--- Provided material ---
Content starts

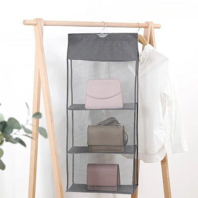 Pour celles qui disposent d'une tringle ou d'une penderie, les rangements suspendus sont idéaux. Notre SmartBag Dressing™ est une véritable révolution : avec ses compartiments transparents, vous voyez immédiatement tous vos sacs sans avoir à les manipuler. Il se fixe directement à votre penderie et optimise l'espace vertical souvent inexploité.
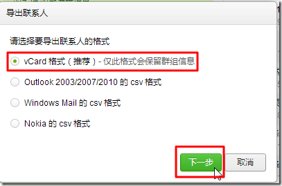 选择能包含分组信息的vCard:
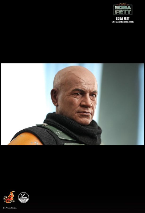 "I know you sit on the throne of your former employer." Every galaxy has an underworld. In The Book of Boba Fett, Star Wars fans are introduced to Boba Fett ’s ™ journey as the new daimyo of the criminal empire on Tatooine after he usurped power from Bib Fortuna ™. However, this underworld proves to be dangerous and Fett needs to prepare to fight for his new position... Today Hot Toys is pleased to introduce a new and remarkable 1/4 scale collectible figure of Boba Fett! The highly-accurate quarter scale figure is skillfully crafted based on the appearance of the character from The Book of Boba Fett. It stands approximately 45cm tall, featuring a newly developed head sculpt with extraordinary likeness, meticulously made armor and interchangeable helmet, specially tailored outfit, an attachable jetpack, blaster rifle, flamethrower effect, miniature holograms and a display base. This amazing 1/4 scale figure will be a great addition to your display! The 1/4th scale Boba Fett Collectible Figure specially features: - Authentic and detailed likeness of Temuera Morrison as Boba Fett in Star Wars: The Book Of Boba Fett series - One (1) newly crafted Boba Fett Mandolorian helmet with articulated rangefinder - One (1) newly developed head sculpt with highly-accurate facial expression and detailed skin texture - Specially applied distress effects on armor, weapons, and accessories - Body with over 30 points of articulations - Approximately 45cm tall - Seven (7) pieces of interchangeable gloved hands including: - One (1) pair of relax hands - One (1) pair of hands for holding weapons - Three (3) gesture hands - Each piece of head sculpt is specially hand-painted Costume: - One (1) Boba Fett Mandolorian armor vest - One (1) finely tailored black colored undersuit - One (1) leather-like brown belt with ammo clips and pistol holster - One (1) pair of reddish brown colored gauntlets - One (1) pair of yellow knee guards - One (1) pair of leather-like brown colored boot covers - One (1) pair of black boots Weapons: - One (1) blaster rifle - One (1) pistol Accessories: - One (1) jetpack with distressed effects (magnetic function equipped) and detachable rocket - One (1) flamethrower effect accessory (attachable to gauntlet) - One (1) Boba's palace hologram - One (1) Boba Fett ’s Starship hologram - Specially designed figure stand with Star Wars logo and character nameplate View all

Content ends

--- Instructions for the task ---
The expected output is the full material above, word for word, without pictures.

--- Answer below ---
 Pour celles qui disposent d'une tringle ou d'une penderie, les rangements suspendus sont idéaux. Notre SmartBag Dressing™ est une véritable révolution : avec ses compartiments transparents, vous voyez immédiatement tous vos sacs sans avoir à les manipuler. Il se fixe directement à votre penderie et optimise l'espace vertical souvent inexploité.
 选择能包含分组信息的vCard:
 "I know you sit on the throne of your former employer." Every galaxy has an underworld. In The Book of Boba Fett, Star Wars fans are introduced to Boba Fett ’s ™ journey as the new daimyo of the criminal empire on Tatooine after he usurped power from Bib Fortuna ™. However, this underworld proves to be dangerous and Fett needs to prepare to fight for his new position... Today Hot Toys is pleased to introduce a new and remarkable 1/4 scale collectible figure of Boba Fett! The highly-accurate quarter scale figure is skillfully crafted based on the appearance of the character from The Book of Boba Fett. It stands approximately 45cm tall, featuring a newly developed head sculpt with extraordinary likeness, meticulously made armor and interchangeable helmet, specially tailored outfit, an attachable jetpack, blaster rifle, flamethrower effect, miniature holograms and a display base. This amazing 1/4 scale figure will be a great addition to your display! The 1/4th scale Boba Fett Collectible Figure specially features: - Authentic and detailed likeness of Temuera Morrison as Boba Fett in Star Wars: The Book Of Boba Fett series - One (1) newly crafted Boba Fett Mandolorian helmet with articulated rangefinder - One (1) newly developed head sculpt with highly-accurate facial expression and detailed skin texture - Specially applied distress effects on armor, weapons, and accessories - Body with over 30 points of articulations - Approximately 45cm tall - Seven (7) pieces of interchangeable gloved hands including: - One (1) pair of relax hands - One (1) pair of hands for holding weapons - Three (3) gesture hands - Each piece of head sculpt is specially hand-painted Costume: - One (1) Boba Fett Mandolorian armor vest - One (1) finely tailored black colored undersuit - One (1) leather-like brown belt with ammo clips and pistol holster - One (1) pair of reddish brown colored gauntlets - One (1) pair of yellow knee guards - One (1) pair of leather-like brown colored boot covers - One (1) pair of black boots Weapons: - One (1) blaster rifle - One (1) pistol Accessories: - One (1) jetpack with distressed effects (magnetic function equipped) and detachable rocket - One (1) flamethrower effect accessory (attachable to gauntlet) - One (1) Boba's palace hologram - One (1) Boba Fett ’s Starship hologram - Specially designed figure stand with Star Wars logo and character nameplate View all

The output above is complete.